**Data supplied:**
----------------

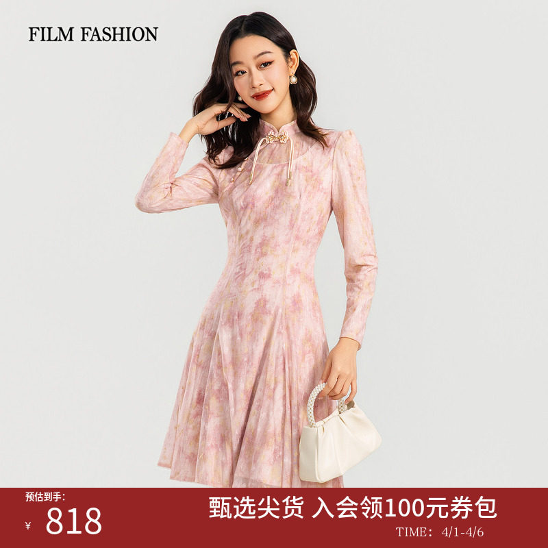 一电影一时装春季新款新中式旗袍连衣裙盘扣立领长袖收腰时尚女士
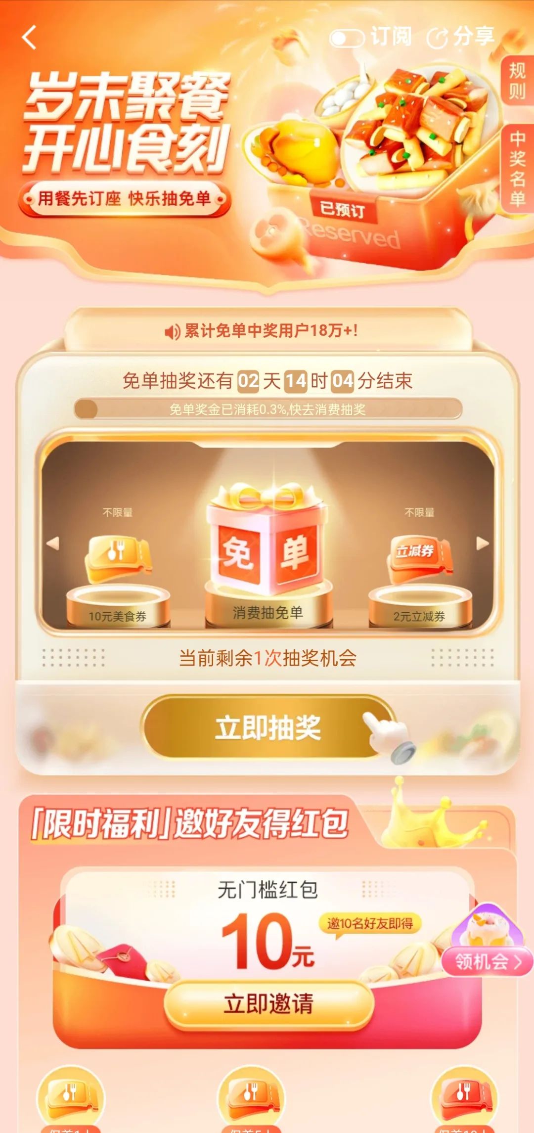 比如繼承了餓了么到店業(yè)務(wù)的高德,聚焦春節(jié)訂座需求,推出了免單抽獎活動。只要用戶進行團購券下單、訂餐廳、寫評價等操作,即可獲得抽獎機會,大獎是直接獲得已核銷訂單所對應(yīng)的實付金額,即所謂的“免單”;
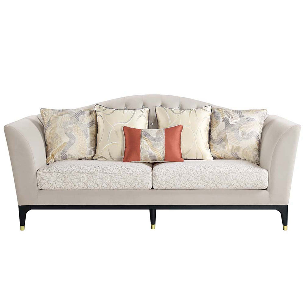 The Tayden camel back sofa brings classic elegance to any living room. Sophisticated curves and crystal-like button tufting adorn the upholstered backrest. For added richness, the seat cushions are upholstered in a geometric fabric. The black base and feet are offset by gold tips adding a subtle contrast and rich depth to the upholstery. Assorted throw pillows top the seat for added softness and streamlined style.
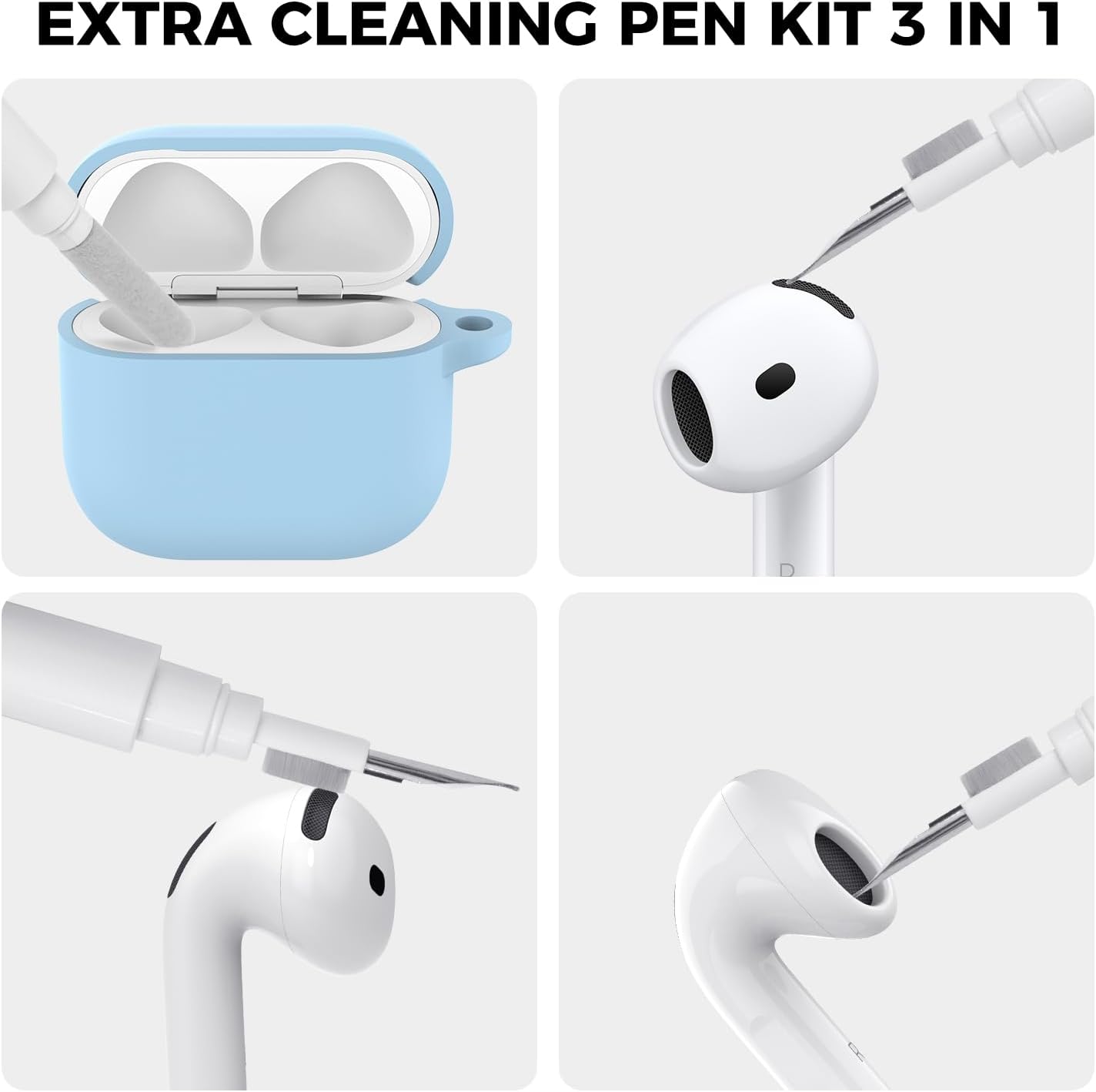 Кейс AhaStyle за AirPods 4 (2024) с почистваща писалка, мек силиконов калъф за AirPods 4-то поколение, калъф за цялото тяло за Apple AirPods 4, поддържа зареждане с USB-C, калъф и безжична връзка
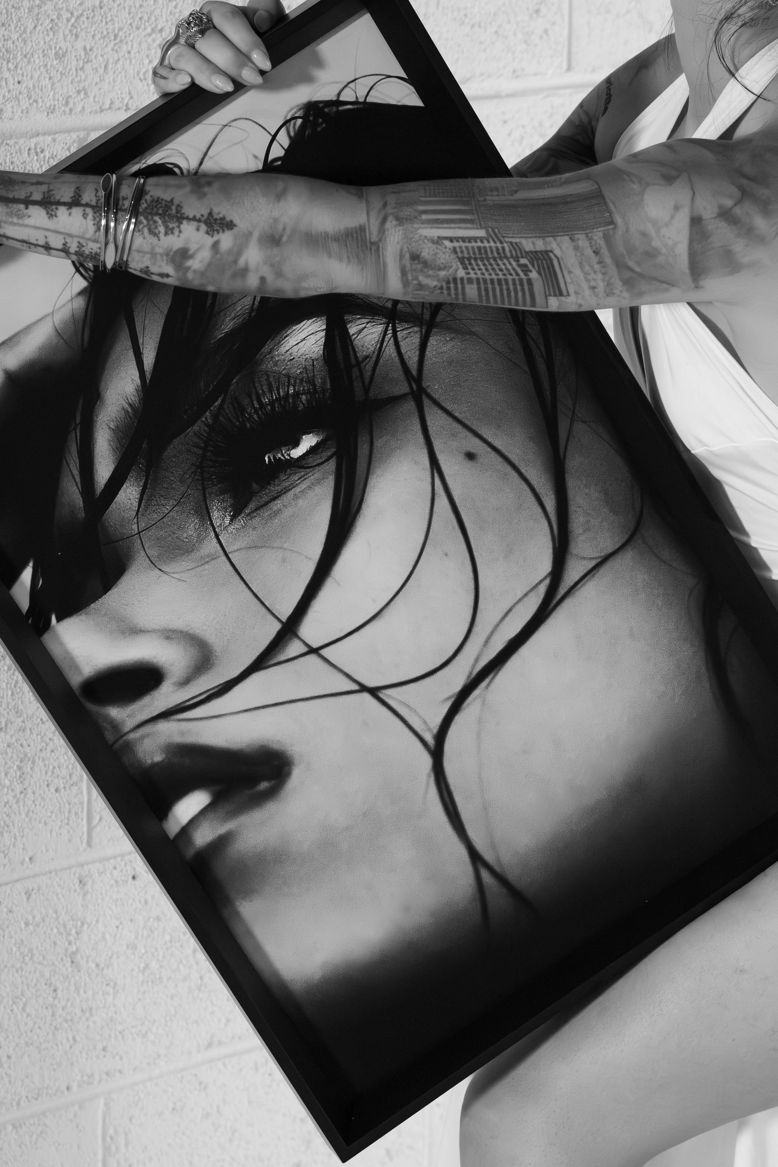 A woman with tattoos and earrings is holding a large framed black-and-white photograph of a woman with wet hair and a partially open mouth, leaning against a textured wall.
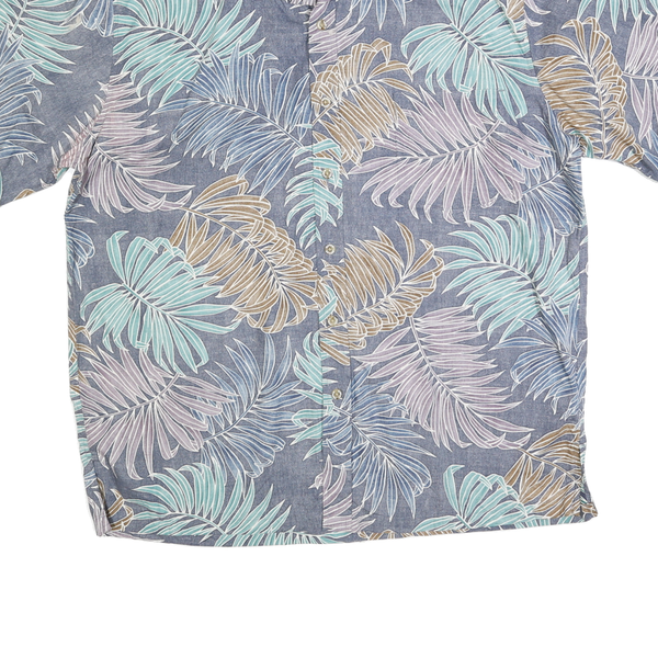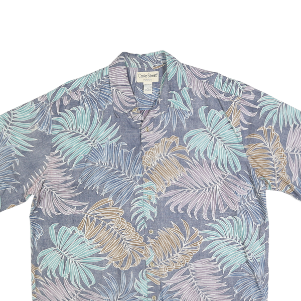 COOKE STREET Mens Blue & Brown Leaf Print Shirt XL Casual Cotton Blend Short
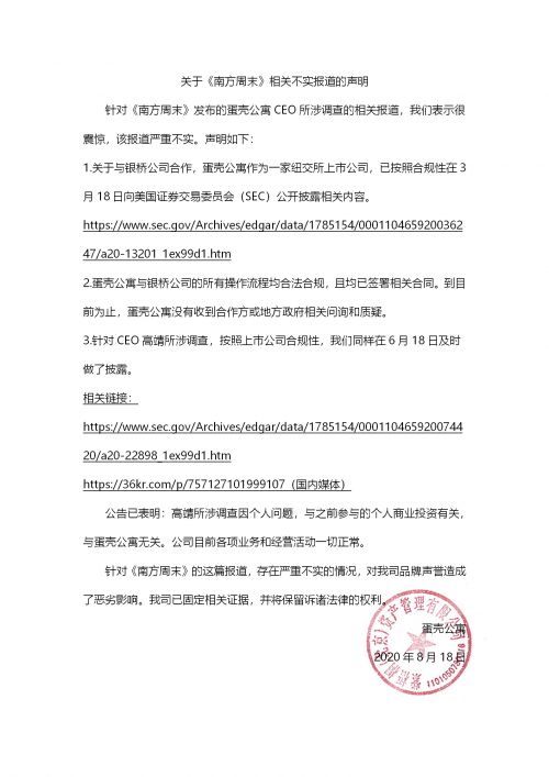 關於高靖被調查一事,蛋殼公寓於6月18日發佈公告表示,“高靖所涉調查因個人問題,與之前參與的個人商業投資有關,與蛋殼公寓無關。公司目前各項業務和經營活動一切正常。”

----------------

Give back the entire listing verbatim, without the pictures.

 一电影一时装春季新款新中式旗袍连衣裙盘扣立领长袖收腰时尚女士
 比如繼承了餓了么到店業(yè)務(wù)的高德,聚焦春節(jié)訂座需求,推出了免單抽獎活動。只要用戶進行團購券下單、訂餐廳、寫評價等操作,即可獲得抽獎機會,大獎是直接獲得已核銷訂單所對應(yīng)的實付金額,即所謂的“免單”;
 The Tayden camel back sofa brings classic elegance to any living room. Sophisticated curves and crystal-like button tufting adorn the upholstered backrest. For added richness, the seat cushions are upholstered in a geometric fabric. The black base and feet are offset by gold tips adding a subtle contrast and rich depth to the upholstery. Assorted throw pillows top the seat for added softness and streamlined style.
 Кейс AhaStyle за AirPods 4 (2024) с почистваща писалка, мек силиконов калъф за AirPods 4-то поколение, калъф за цялото тяло за Apple AirPods 4, поддържа зареждане с USB-C, калъф и безжична връзка
 A woman with tattoos and earrings is holding a large framed black-and-white photograph of a woman with wet hair and a partially open mouth, leaning against a textured wall.
 COOKE STREET Mens Blue & Brown Leaf Print Shirt XL Casual Cotton Blend Short
 關於高靖被調查一事,蛋殼公寓於6月18日發佈公告表示,“高靖所涉調查因個人問題,與之前參與的個人商業投資有關,與蛋殼公寓無關。公司目前各項業務和經營活動一切正常。”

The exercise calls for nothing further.